**Work task:**
Leave every picture out, and retype all the remaining records exactly.

(Data excerpts)
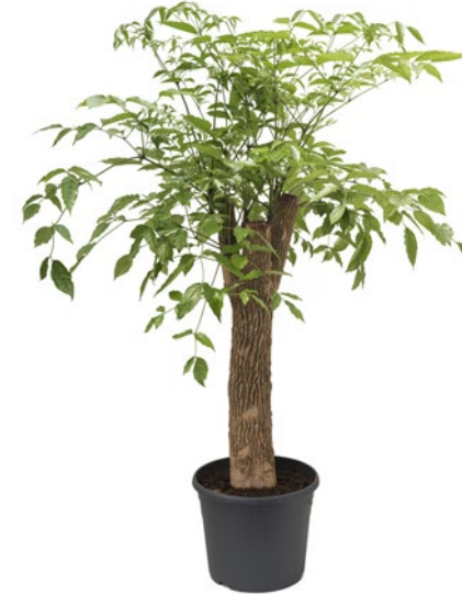
Artcode: 4HECHVT06 Description: Heteropanax chinensis Variety: Branched Pot: 35 Height: 140
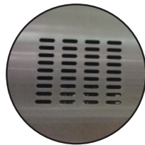
Vented Side Panels
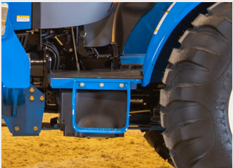
Accessibility Easy access platform via standard step and rubber matted surface
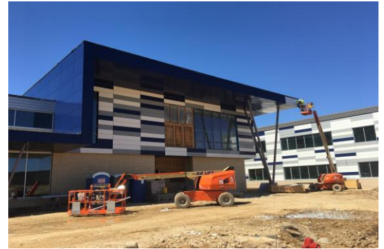
Metal panels have been installed on the exterior wall of the library.
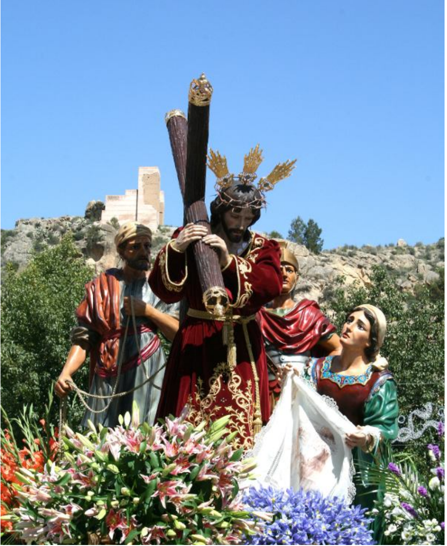
The passage of Jesus and Veronica Sculptors of the four images: Los Talleres de Arte Cristiano de Olot (Gerona) Hernandez Navarro, 1987

**Task solution:**
Artcode: 4HECHVT06 Description: Heteropanax chinensis Variety: Branched Pot: 35 Height: 140
Vented Side Panels
Accessibility Easy access platform via standard step and rubber matted surface
Metal panels have been installed on the exterior wall of the library.
The passage of Jesus and Veronica Sculptors of the four images: Los Talleres de Arte Cristiano de Olot (Gerona) Hernandez Navarro, 1987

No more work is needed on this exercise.